▸ Records for processing:
______
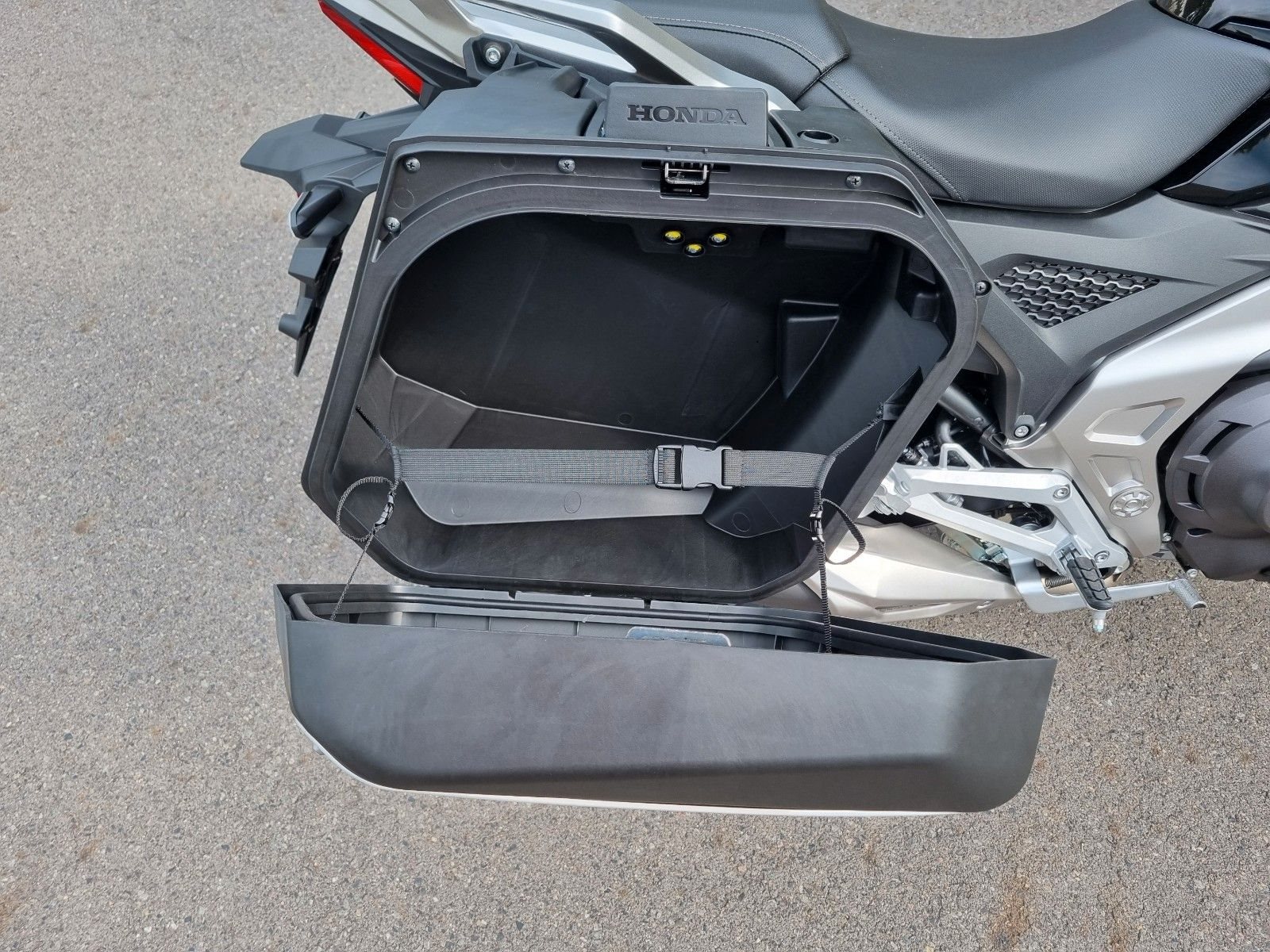 • Das Staufach hat 23 Liter Stauvolumen und bietet platz für einen Integralhelm
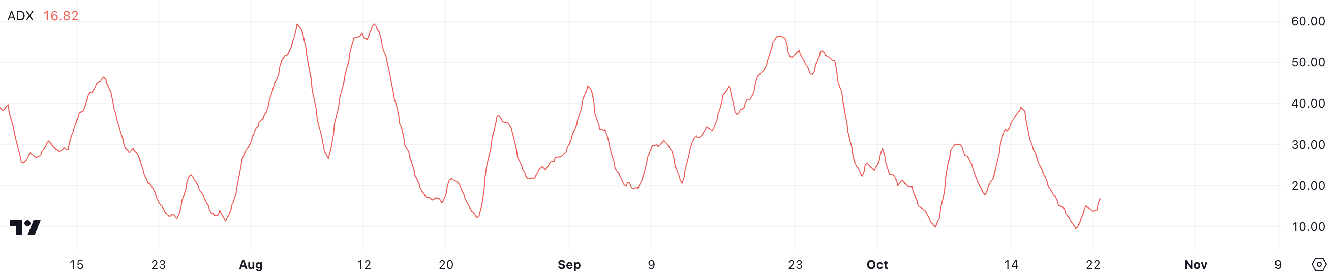 SUI:n ADX on tällä hetkellä 16,82, mikä osoittaa nykyisen trendin voimakkuuden. Arvon ollessa alle 20, tämä viittaa siihen, että trendi on edelleen heikko, mikä tarkoittaa rajoitettua suuntausta markkinoilla.
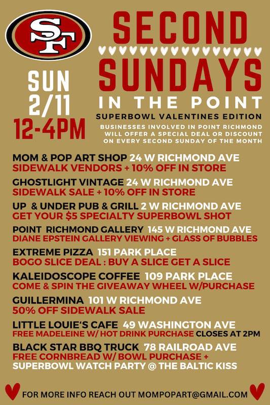 Shopping is definitely alive in Pt Richmond. Mom & Pop Art Shop is one business launching Second Sundays in the Point this Sunday, February 11 from 12-4pm. And yes, it happens to be Superbowl Sunday. It’s the Super Bowl LVIII/Valentine’s edition.
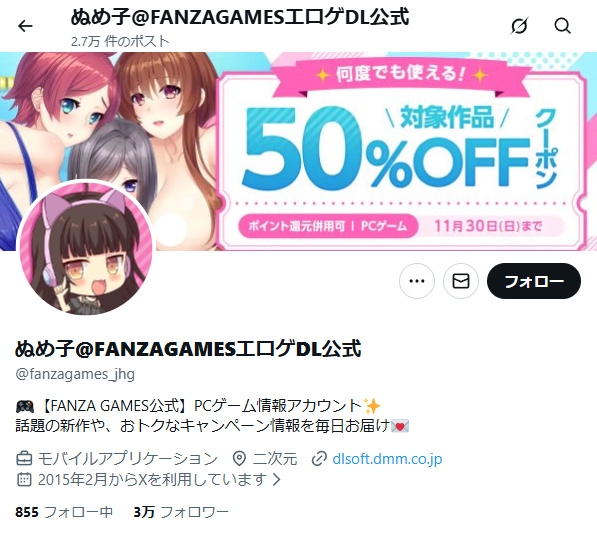 FANZA GAMES公式Xをフォローして最新情報をゲット!!
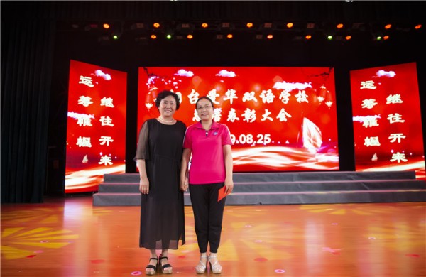 郭美娟总校长提名为高中部李雪梅校长颁发特殊贡献奖
______
▸ Exercise instructions:
In your answer, print the entries above exactly, with the pictures left out.

▸ Task response:
 • Das Staufach hat 23 Liter Stauvolumen und bietet platz für einen Integralhelm
 SUI:n ADX on tällä hetkellä 16,82, mikä osoittaa nykyisen trendin voimakkuuden. Arvon ollessa alle 20, tämä viittaa siihen, että trendi on edelleen heikko, mikä tarkoittaa rajoitettua suuntausta markkinoilla.
 Shopping is definitely alive in Pt Richmond. Mom & Pop Art Shop is one business launching Second Sundays in the Point this Sunday, February 11 from 12-4pm. And yes, it happens to be Superbowl Sunday. It’s the Super Bowl LVIII/Valentine’s edition.
 FANZA GAMES公式Xをフォローして最新情報をゲット!!
 郭美娟总校长提名为高中部李雪梅校长颁发特殊贡献奖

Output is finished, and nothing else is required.